Hashman and Zhuravlev have covered their bases in preparing for the Colorado Cup, hiring security and requiring that attendees sign a waiver before they enter, stating that they are entering the private establishment of their own free will and are responsible for their own actions. Last month, Zhuravlev distributed fliers to buildings in the area, informing neighbors of the competition and of the amplified music that will be coming from her building. She didn’t request a special-events permit from the city because she’s hosting a free private event on her own property; she says that attorneys she consulted confirmed that she’s operating within the law.

According to Hashman, the main goal of the Colorado Cup is to bring a like-minded community together to trade ideas. “It’s not just a competition or tasting,” he says. “It’s an opportunity to share knowledge and to bring the industry, the growers and the concentrate makers all together in a safe, fun, private environment, where we can all dab and talk and enjoy each other’s company.”

Although he’s hosted dozens of medical marijuana events, Hashman says he hasn’t had any luck getting special-events permits for public cannabis events since recreational marijuana was legalized. “There is no permit out there that you can apply for, so until they actually make us a cannabis-event permit, we’re kind of flying blind and have to sort of make it up on our own,” he notes. “I think it’s a lot of politics behind it, because the people who run our city are invested in alcohol and they want alcohol events; they don’t want cannabis events. I know that 60 percent of people who are out at bars and clubs and things like that drinking alcohol would rather be at a cannabis event if they could safely go to one and have it in a public place.”

But city spokesman Dan Rowland points out that special-events permits aren’t issued for cannabis events because consuming marijuana in public is still illegal, while consuming alcohol is not: “The fact is that it is legal to consume alcohol in public in those types of situations; it’s not legal to do that with marijuana, so you’re not going to get that special-event permit.”
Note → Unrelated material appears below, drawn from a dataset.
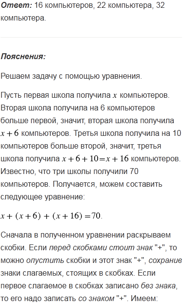 Три школы получили 70 компьютеров. Вторая школа получила на 6 компьютеров больше первой, а третья - на 10 компьютеров больше второй. Сколько компьютеров получила каждая школа?

Rowland acknowledges that the difference between public and private events, such as the Colorado Cup, can seem hazy. As soon as an event charges admission, it is no longer considered private, the way a party in a private home is, and other rules come into play, such as the Clean Air Act. “The whole public-versus-private thing hasn’t all been sorted out constitutionally yet,” Rowland says, “and it’s going to take years of case law before there are clearer lines on that.”

In the meantime, Zhuravlev says she’s happy to offer her building as the site of the first Colorado Cup — because otherwise, it might not have happened at all. “There is not another location in Denver or in Colorado where they actually can have that because of the restriction of all the laws,” she says. “It means the world to me that I can give a place like this to people. That’s my passion.”